**EXTRACTED MATERIAL:**
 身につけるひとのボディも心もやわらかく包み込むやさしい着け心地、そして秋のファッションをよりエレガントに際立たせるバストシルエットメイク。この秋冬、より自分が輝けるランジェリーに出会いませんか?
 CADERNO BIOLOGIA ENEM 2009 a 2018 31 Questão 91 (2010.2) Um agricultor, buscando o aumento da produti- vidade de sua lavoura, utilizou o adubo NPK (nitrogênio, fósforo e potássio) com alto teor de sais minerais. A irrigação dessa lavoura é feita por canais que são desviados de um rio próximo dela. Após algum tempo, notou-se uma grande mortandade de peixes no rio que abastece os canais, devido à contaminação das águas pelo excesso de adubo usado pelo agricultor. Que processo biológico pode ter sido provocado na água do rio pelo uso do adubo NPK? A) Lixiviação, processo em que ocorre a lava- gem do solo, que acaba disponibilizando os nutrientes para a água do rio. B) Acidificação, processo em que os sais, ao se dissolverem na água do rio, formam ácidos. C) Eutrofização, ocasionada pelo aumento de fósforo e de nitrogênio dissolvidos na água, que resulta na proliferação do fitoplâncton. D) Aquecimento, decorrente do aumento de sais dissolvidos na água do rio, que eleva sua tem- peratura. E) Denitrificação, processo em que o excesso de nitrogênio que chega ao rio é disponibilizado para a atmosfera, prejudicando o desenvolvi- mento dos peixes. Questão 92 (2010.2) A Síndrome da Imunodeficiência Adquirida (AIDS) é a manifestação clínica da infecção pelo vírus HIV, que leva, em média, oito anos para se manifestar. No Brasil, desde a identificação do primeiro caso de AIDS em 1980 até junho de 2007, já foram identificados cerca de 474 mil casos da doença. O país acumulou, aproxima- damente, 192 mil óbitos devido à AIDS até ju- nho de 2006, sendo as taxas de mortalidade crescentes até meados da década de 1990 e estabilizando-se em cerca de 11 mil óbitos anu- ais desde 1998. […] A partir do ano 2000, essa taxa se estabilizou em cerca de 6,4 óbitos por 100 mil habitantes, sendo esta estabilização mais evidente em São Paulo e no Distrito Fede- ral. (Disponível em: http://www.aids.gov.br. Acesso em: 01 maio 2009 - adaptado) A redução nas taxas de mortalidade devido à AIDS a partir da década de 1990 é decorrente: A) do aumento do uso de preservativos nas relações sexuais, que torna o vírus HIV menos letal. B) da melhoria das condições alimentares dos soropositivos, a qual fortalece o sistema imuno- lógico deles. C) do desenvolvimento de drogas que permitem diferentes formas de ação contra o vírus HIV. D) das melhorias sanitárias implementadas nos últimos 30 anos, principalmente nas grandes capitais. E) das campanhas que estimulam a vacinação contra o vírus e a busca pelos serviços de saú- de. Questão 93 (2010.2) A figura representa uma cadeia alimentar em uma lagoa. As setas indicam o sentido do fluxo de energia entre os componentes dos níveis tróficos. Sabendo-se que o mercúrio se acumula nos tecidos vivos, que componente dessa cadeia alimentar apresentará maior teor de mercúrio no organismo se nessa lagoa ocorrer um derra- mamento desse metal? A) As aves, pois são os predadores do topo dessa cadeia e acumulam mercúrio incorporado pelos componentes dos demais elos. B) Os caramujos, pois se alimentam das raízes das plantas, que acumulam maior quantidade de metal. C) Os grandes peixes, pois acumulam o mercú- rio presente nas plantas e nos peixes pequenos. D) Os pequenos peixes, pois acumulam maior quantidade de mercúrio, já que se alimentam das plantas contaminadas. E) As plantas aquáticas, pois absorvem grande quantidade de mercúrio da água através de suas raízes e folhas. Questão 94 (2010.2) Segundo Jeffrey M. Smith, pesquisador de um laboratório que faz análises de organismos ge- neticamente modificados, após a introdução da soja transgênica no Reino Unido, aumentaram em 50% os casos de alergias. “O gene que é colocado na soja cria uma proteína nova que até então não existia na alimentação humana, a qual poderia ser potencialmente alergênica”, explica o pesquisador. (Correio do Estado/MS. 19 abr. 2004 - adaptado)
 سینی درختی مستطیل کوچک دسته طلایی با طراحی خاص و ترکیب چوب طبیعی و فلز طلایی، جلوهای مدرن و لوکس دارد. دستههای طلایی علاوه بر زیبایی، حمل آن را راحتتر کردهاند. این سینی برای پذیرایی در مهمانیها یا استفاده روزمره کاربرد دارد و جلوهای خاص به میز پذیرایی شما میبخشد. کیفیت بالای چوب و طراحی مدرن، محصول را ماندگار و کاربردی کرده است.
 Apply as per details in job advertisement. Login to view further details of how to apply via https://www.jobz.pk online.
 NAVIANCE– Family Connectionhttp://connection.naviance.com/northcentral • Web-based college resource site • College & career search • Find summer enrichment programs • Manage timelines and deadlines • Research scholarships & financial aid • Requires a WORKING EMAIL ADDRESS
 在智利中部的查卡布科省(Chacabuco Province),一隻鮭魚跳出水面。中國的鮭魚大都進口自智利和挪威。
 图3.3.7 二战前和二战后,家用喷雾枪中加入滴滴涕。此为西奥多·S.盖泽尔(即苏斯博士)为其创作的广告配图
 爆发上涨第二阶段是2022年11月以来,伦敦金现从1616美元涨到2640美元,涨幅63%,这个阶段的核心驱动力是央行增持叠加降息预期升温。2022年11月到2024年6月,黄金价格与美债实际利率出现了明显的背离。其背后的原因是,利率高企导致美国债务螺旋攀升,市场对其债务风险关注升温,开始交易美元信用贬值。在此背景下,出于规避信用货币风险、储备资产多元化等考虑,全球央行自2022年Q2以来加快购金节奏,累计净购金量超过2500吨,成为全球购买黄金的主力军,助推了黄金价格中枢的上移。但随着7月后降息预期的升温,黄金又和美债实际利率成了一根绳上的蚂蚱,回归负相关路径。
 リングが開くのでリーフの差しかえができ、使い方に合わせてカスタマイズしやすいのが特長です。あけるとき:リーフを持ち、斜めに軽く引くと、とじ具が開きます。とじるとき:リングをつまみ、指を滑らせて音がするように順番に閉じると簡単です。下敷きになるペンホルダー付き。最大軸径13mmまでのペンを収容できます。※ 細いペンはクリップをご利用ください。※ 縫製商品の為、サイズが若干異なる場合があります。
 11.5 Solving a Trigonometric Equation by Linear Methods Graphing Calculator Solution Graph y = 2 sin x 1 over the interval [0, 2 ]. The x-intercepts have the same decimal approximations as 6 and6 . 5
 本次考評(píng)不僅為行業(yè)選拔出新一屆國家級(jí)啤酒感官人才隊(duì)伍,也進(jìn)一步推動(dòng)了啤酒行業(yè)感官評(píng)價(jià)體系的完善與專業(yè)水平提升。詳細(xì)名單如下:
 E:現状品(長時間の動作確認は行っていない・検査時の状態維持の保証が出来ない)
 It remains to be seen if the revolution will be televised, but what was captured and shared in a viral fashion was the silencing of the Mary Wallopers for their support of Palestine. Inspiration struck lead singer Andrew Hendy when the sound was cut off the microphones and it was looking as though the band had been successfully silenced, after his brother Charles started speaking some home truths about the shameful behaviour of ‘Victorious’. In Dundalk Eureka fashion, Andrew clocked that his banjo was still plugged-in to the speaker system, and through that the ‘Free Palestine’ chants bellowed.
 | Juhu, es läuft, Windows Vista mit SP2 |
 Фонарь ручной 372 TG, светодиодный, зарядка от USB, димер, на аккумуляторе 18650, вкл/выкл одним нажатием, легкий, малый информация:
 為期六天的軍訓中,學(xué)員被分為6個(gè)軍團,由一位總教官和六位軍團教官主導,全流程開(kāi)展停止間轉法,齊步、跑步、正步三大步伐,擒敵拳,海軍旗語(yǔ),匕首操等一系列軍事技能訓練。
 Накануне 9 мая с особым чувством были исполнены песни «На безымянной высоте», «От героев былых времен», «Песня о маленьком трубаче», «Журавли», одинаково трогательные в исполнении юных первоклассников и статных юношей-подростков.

**WHAT THIS TASK INVOLVES:** All the entries must be retyped exactly.

**SOLUTION:**
 身につけるひとのボディも心もやわらかく包み込むやさしい着け心地、そして秋のファッションをよりエレガントに際立たせるバストシルエットメイク。この秋冬、より自分が輝けるランジェリーに出会いませんか?
 CADERNO BIOLOGIA ENEM 2009 a 2018 31 Questão 91 (2010.2) Um agricultor, buscando o aumento da produti- vidade de sua lavoura, utilizou o adubo NPK (nitrogênio, fósforo e potássio) com alto teor de sais minerais. A irrigação dessa lavoura é feita por canais que são desviados de um rio próximo dela. Após algum tempo, notou-se uma grande mortandade de peixes no rio que abastece os canais, devido à contaminação das águas pelo excesso de adubo usado pelo agricultor. Que processo biológico pode ter sido provocado na água do rio pelo uso do adubo NPK? A) Lixiviação, processo em que ocorre a lava- gem do solo, que acaba disponibilizando os nutrientes para a água do rio. B) Acidificação, processo em que os sais, ao se dissolverem na água do rio, formam ácidos. C) Eutrofização, ocasionada pelo aumento de fósforo e de nitrogênio dissolvidos na água, que resulta na proliferação do fitoplâncton. D) Aquecimento, decorrente do aumento de sais dissolvidos na água do rio, que eleva sua tem- peratura. E) Denitrificação, processo em que o excesso de nitrogênio que chega ao rio é disponibilizado para a atmosfera, prejudicando o desenvolvi- mento dos peixes. Questão 92 (2010.2) A Síndrome da Imunodeficiência Adquirida (AIDS) é a manifestação clínica da infecção pelo vírus HIV, que leva, em média, oito anos para se manifestar. No Brasil, desde a identificação do primeiro caso de AIDS em 1980 até junho de 2007, já foram identificados cerca de 474 mil casos da doença. O país acumulou, aproxima- damente, 192 mil óbitos devido à AIDS até ju- nho de 2006, sendo as taxas de mortalidade crescentes até meados da década de 1990 e estabilizando-se em cerca de 11 mil óbitos anu- ais desde 1998. […] A partir do ano 2000, essa taxa se estabilizou em cerca de 6,4 óbitos por 100 mil habitantes, sendo esta estabilização mais evidente em São Paulo e no Distrito Fede- ral. (Disponível em: http://www.aids.gov.br. Acesso em: 01 maio 2009 - adaptado) A redução nas taxas de mortalidade devido à AIDS a partir da década de 1990 é decorrente: A) do aumento do uso de preservativos nas relações sexuais, que torna o vírus HIV menos letal. B) da melhoria das condições alimentares dos soropositivos, a qual fortalece o sistema imuno- lógico deles. C) do desenvolvimento de drogas que permitem diferentes formas de ação contra o vírus HIV. D) das melhorias sanitárias implementadas nos últimos 30 anos, principalmente nas grandes capitais. E) das campanhas que estimulam a vacinação contra o vírus e a busca pelos serviços de saú- de. Questão 93 (2010.2) A figura representa uma cadeia alimentar em uma lagoa. As setas indicam o sentido do fluxo de energia entre os componentes dos níveis tróficos. Sabendo-se que o mercúrio se acumula nos tecidos vivos, que componente dessa cadeia alimentar apresentará maior teor de mercúrio no organismo se nessa lagoa ocorrer um derra- mamento desse metal? A) As aves, pois são os predadores do topo dessa cadeia e acumulam mercúrio incorporado pelos componentes dos demais elos. B) Os caramujos, pois se alimentam das raízes das plantas, que acumulam maior quantidade de metal. C) Os grandes peixes, pois acumulam o mercú- rio presente nas plantas e nos peixes pequenos. D) Os pequenos peixes, pois acumulam maior quantidade de mercúrio, já que se alimentam das plantas contaminadas. E) As plantas aquáticas, pois absorvem grande quantidade de mercúrio da água através de suas raízes e folhas. Questão 94 (2010.2) Segundo Jeffrey M. Smith, pesquisador de um laboratório que faz análises de organismos ge- neticamente modificados, após a introdução da soja transgênica no Reino Unido, aumentaram em 50% os casos de alergias. “O gene que é colocado na soja cria uma proteína nova que até então não existia na alimentação humana, a qual poderia ser potencialmente alergênica”, explica o pesquisador. (Correio do Estado/MS. 19 abr. 2004 - adaptado)
 سینی درختی مستطیل کوچک دسته طلایی با طراحی خاص و ترکیب چوب طبیعی و فلز طلایی، جلوهای مدرن و لوکس دارد. دستههای طلایی علاوه بر زیبایی، حمل آن را راحتتر کردهاند. این سینی برای پذیرایی در مهمانیها یا استفاده روزمره کاربرد دارد و جلوهای خاص به میز پذیرایی شما میبخشد. کیفیت بالای چوب و طراحی مدرن، محصول را ماندگار و کاربردی کرده است.
 Apply as per details in job advertisement. Login to view further details of how to apply via https://www.jobz.pk online.
 NAVIANCE– Family Connectionhttp://connection.naviance.com/northcentral • Web-based college resource site • College & career search • Find summer enrichment programs • Manage timelines and deadlines • Research scholarships & financial aid • Requires a WORKING EMAIL ADDRESS
 在智利中部的查卡布科省(Chacabuco Province),一隻鮭魚跳出水面。中國的鮭魚大都進口自智利和挪威。
 图3.3.7 二战前和二战后,家用喷雾枪中加入滴滴涕。此为西奥多·S.盖泽尔(即苏斯博士)为其创作的广告配图
 爆发上涨第二阶段是2022年11月以来,伦敦金现从1616美元涨到2640美元,涨幅63%,这个阶段的核心驱动力是央行增持叠加降息预期升温。2022年11月到2024年6月,黄金价格与美债实际利率出现了明显的背离。其背后的原因是,利率高企导致美国债务螺旋攀升,市场对其债务风险关注升温,开始交易美元信用贬值。在此背景下,出于规避信用货币风险、储备资产多元化等考虑,全球央行自2022年Q2以来加快购金节奏,累计净购金量超过2500吨,成为全球购买黄金的主力军,助推了黄金价格中枢的上移。但随着7月后降息预期的升温,黄金又和美债实际利率成了一根绳上的蚂蚱,回归负相关路径。
 リングが開くのでリーフの差しかえができ、使い方に合わせてカスタマイズしやすいのが特長です。あけるとき:リーフを持ち、斜めに軽く引くと、とじ具が開きます。とじるとき:リングをつまみ、指を滑らせて音がするように順番に閉じると簡単です。下敷きになるペンホルダー付き。最大軸径13mmまでのペンを収容できます。※ 細いペンはクリップをご利用ください。※ 縫製商品の為、サイズが若干異なる場合があります。
 11.5 Solving a Trigonometric Equation by Linear Methods Graphing Calculator Solution Graph y = 2 sin x 1 over the interval [0, 2 ]. The x-intercepts have the same decimal approximations as 6 and6 . 5
 本次考評(píng)不僅為行業(yè)選拔出新一屆國家級(jí)啤酒感官人才隊(duì)伍,也進(jìn)一步推動(dòng)了啤酒行業(yè)感官評(píng)價(jià)體系的完善與專業(yè)水平提升。詳細(xì)名單如下:
 E:現状品(長時間の動作確認は行っていない・検査時の状態維持の保証が出来ない)
 It remains to be seen if the revolution will be televised, but what was captured and shared in a viral fashion was the silencing of the Mary Wallopers for their support of Palestine. Inspiration struck lead singer Andrew Hendy when the sound was cut off the microphones and it was looking as though the band had been successfully silenced, after his brother Charles started speaking some home truths about the shameful behaviour of ‘Victorious’. In Dundalk Eureka fashion, Andrew clocked that his banjo was still plugged-in to the speaker system, and through that the ‘Free Palestine’ chants bellowed.
 | Juhu, es läuft, Windows Vista mit SP2 |
 Фонарь ручной 372 TG, светодиодный, зарядка от USB, димер, на аккумуляторе 18650, вкл/выкл одним нажатием, легкий, малый информация:
 為期六天的軍訓中,學(xué)員被分為6個(gè)軍團,由一位總教官和六位軍團教官主導,全流程開(kāi)展停止間轉法,齊步、跑步、正步三大步伐,擒敵拳,海軍旗語(yǔ),匕首操等一系列軍事技能訓練。
 Накануне 9 мая с особым чувством были исполнены песни «На безымянной высоте», «От героев былых времен», «Песня о маленьком трубаче», «Журавли», одинаково трогательные в исполнении юных первоклассников и статных юношей-подростков.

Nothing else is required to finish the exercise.